Nilpotent matrix problem

Question

For an $n\times n$ matrix $A$ we have $A^N=0$ for some $N$. Prove that $A^n=0$.

If $ N \le n$ then the solution is trivial, but what if $N \gt n$ ?

Answer 1

Minimal polynomial of $A$ divides $x^N$. So eigen-values of $A$ are only $0$. So the characteristic polynomial of $A$ is $x^n$. By Cayley-Hamilton Theorem we have, $A^n=0$.

Answer 2

Let $A^n\not=0$, choose $m\in \{n+1,...,N\}$ for which $A^m=0$ but, $A^{m-1}\not=0$. Choose $v\in \Bbb F^n$ with $A^nv\not=0$. Then, $\{Av,....,A^nv\}$ forms a basis of $\Bbb F^n$ : $$\lambda_1Av+...+\lambda_nA^nv=0$$$$\implies A^{m-n+j}(\lambda_1Av+...+\lambda_nA^nv)=0,\forall j=n-1,...,0$$$$\implies\lambda_1=0,...,\lambda_n=0.$$

Now note that, each of the vector $Av,...,A^nv$ are eigenvectors of $A^{m-1}$ with eigenvalues $0$. So eigen space of $A^{m-1}$ corresponding to the eigen value $0$ is $\Bbb F^n$.
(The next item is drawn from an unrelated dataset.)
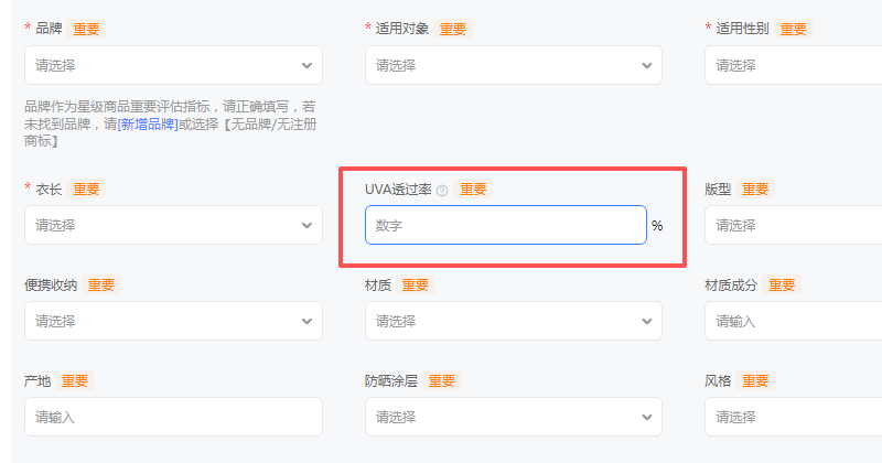 错误提示中提到输入的“UVA<5%”是错误值,我们进入原宝贝所在类目的发布页面,在【商品属性】中找到“UVA透过率”,发现现在淘宝发布此类宝贝时,“UVA透过率”的属性值只能填写一个确切的值,也就是整数加单位的填法,原宝贝在发布时还没有这样的要求,原宝贝填写的“UVA<5%”现在无法填入,所以在复制上传时就出现了“输入值‘UVA<5%’错误,设置信息不完整,请填写值”的错误提示。

That is $A^{m-1}w=0,\forall w\in \Bbb F^n=\text{span}\{ Av,...,A^nv\}$. So, $A^{m-1}=0$, a contradiction to our earlier assumption.

So for all $m\in \{n+1,...,N\}$ for which $A^m=0$ implies $A^{m-1}=0$. Hence inductively we have, $A^n=0$

Answer 3

Since $t^N$ is the annihilating polynomial, so the possible choices of minimal polynomial is any one of the $t,t^2, t^3,...,t^n$. For any choice $t^n=0$ always hold.